EDITORIAL

Macondo Recargado

Esta semana fue pródiga en noticias absurdas, que nos convierten en una especie de Macondo Recargado, donde lo más insólito puede ser defendido y hasta aclamado por autoridades y grupos de presión de insoslayable poder.

Hay días en que Uruguay duele. Duele por la supervivencia obstinada de atavismos ideológicos que en el resto del mundo nada significan, pero que aquí siguen hipotecando la prosperidad del país y la superación cultural de su gente.

Esta semana fue pródiga en noticias absurdas, que nos convierten en una especie de Macondo Recargado, donde lo más insólito puede ser defendido y hasta aclamado por autoridades y grupos de presión de insoslayable poder.

El lunes pasado, El País informó de una publicación del senador Charles Carrera en Facebook, que calificaba a la oposición de "indigna y deshonesta", entre otros motivos, porque solo un senador no oficialista expresó algunas palabras de despedida al renunciante José Mujica. En su entusiasmo emepepista, Carrera felicitó a los opositores por su "sinceridad" en la aversión al Frente Amplio y espetó que "tal vez hasta terminen reconociendo que existe la lucha de clases y que ellos representan intereses diametralmente opuestos a los de la izquierda". Es gracioso como los mismos que ofrecen el oro y el moro a una multinacional extranjera, mientras exprimen a los empresarios locales, generando la pérdida de 45.000 puestos de trabajo en pocos años, ahora reivindican la lucha de clases y la defensa de supuestos intereses populares. ¿Será la maldición de Malinche?

También nos enteramos que el Consejo de la Facultad de Ciencias Sociales de la Udelar resolvió limitar el uso de las salas de informática, debido a que suelen ser el refugio de un centenar de indigentes que convierten a ese recinto universitario en su hogar diurno. Si lo hubiera imaginado García Márquez, elogiaríamos su desbordante fantasía creadora: en lugar de hacer retirar a los intrusos, protegiendo así el derecho de acceso de los estudiantes al servicio educativo, estas autoridades se lo restringen a estos últimos.

Un funcionario se sinceró con la periodista Mariana Malek de El País: "según supimos, del refugio y del Mides los mandaban para acá. Ellos mismos comentan: de tal lado nos dijeron que podíamos achicar acá". No, no, es un realismo demasiado mágico el de este gobierno de "izquierda": en lugar de ayudar a los indigentes con alojamiento y trabajo dignos, los mandan a chatear a las computadoras de la Universidad de la República.

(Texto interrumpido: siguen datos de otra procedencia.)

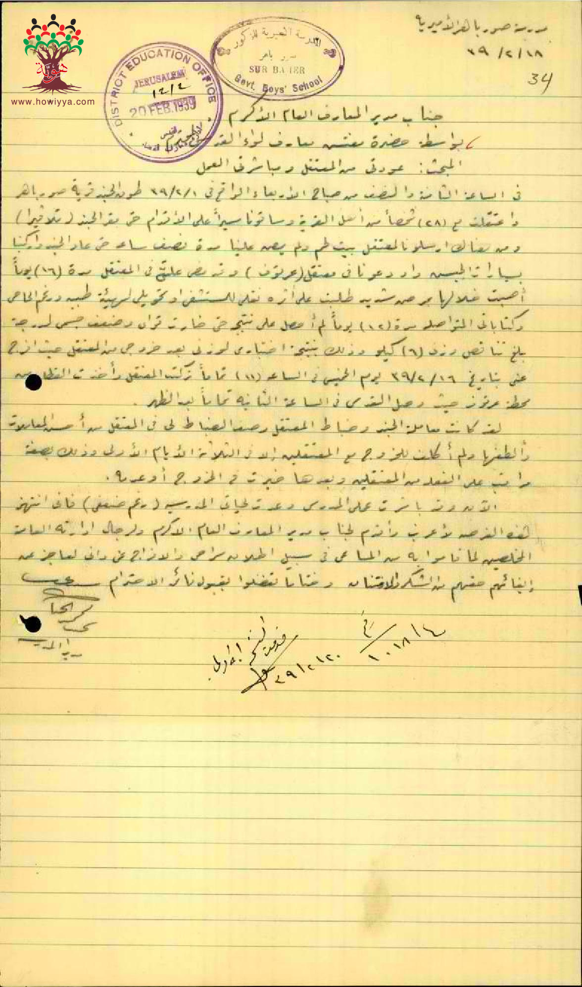 رسالة من المعلم نجيب الخياط الى مفتش المعارف بخصوص خروجه من المعتقل وعودته الى العمل
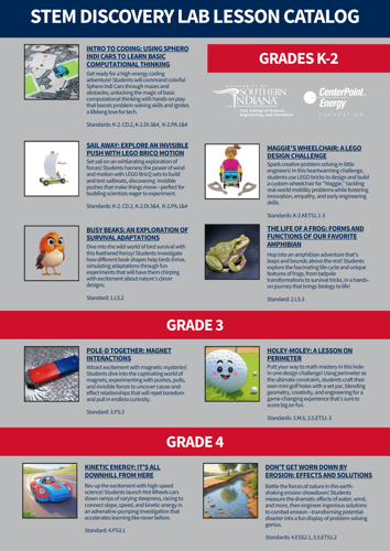STEM Lesson Selection - Our activities align with grade level-specific academic standards but can often be adapted for one grade above or below. A printable link can be accessed here.

Y cuando creíamos ya colmada nuestra capacidad de asombro, nos enteramos del paro con ocupación realizado ayer por docentes del liceo 18, como un acto de resistencia contra las pruebas PISA. Para los preclaros sindicalistas, este mecanismo de evaluación promueve "la mercantilización de la enseñanza pública", cuando en verdad lo que hacen es poner de manifiesto el déficit brutal del sistema y su inocultable perjuicio contra los sectores más vulnerables de la sociedad. Una demostración dolorosa de que en los últimos años, en lugar de ser motor de movilidad social, la enseñanza pública es fábrica de exclusión y promotora de marginalidad.

El sindicato parece más preocupado en que esos datos vergonzantes no puedan recabarse, que en tratar de corregir sus causas. ¿Usted cree que las autoridades reaccionaron a este despropósito? No, amigo lector, no se ilusione. El Consejo de Educación Secundaria se limitó a postergar la aplicación de las pruebas PISA en ese centro educativo "hasta nuevo aviso". ¡Se la jugaron!

Por suerte, nos consta que esta no es la realidad mayoritaria de los docentes uruguayos, que suelen poner razón y corazón en su digna e imprescindible misión pedagógica, a pesar de la absoluta improvisación e impericia de las autoridades educativas y de los revolucionarios de bolsillo que cooptan sus sindicatos.

No se inquiete el lector, porque aún hay más.

La otra noticia de esta semana es que la Intendencia capitalina convoca a artistas del grafiti "con el fin de intervenir un mural de la ciudad de Montevideo, que tenga como eje central los doscientos años del nacimiento de Karl Marx".

Por suerte los recursos invertidos en la movida serán limitados: a cada artista se le pagará un cachet de poco más de quince mil pesos. Será por aquello de la plusvalía… Cuando algunos ponemos el grito en el cielo porque el presidenciable Daniel Martínez ensalza a un hombre cuyas ideas desembocaron en la muerte violenta de cien millones de personas, los biempensantes de siempre nos dicen que Marx no tuvo nada que ver, que fue mal interpretado, pobrecito.

Si estamos tan sensibles a los filósofos, no se entiende por qué mejor no dedicar un mural a Carlos Vaz Ferreira. ¿Será porque cometió el pecado de enseñar a pensar?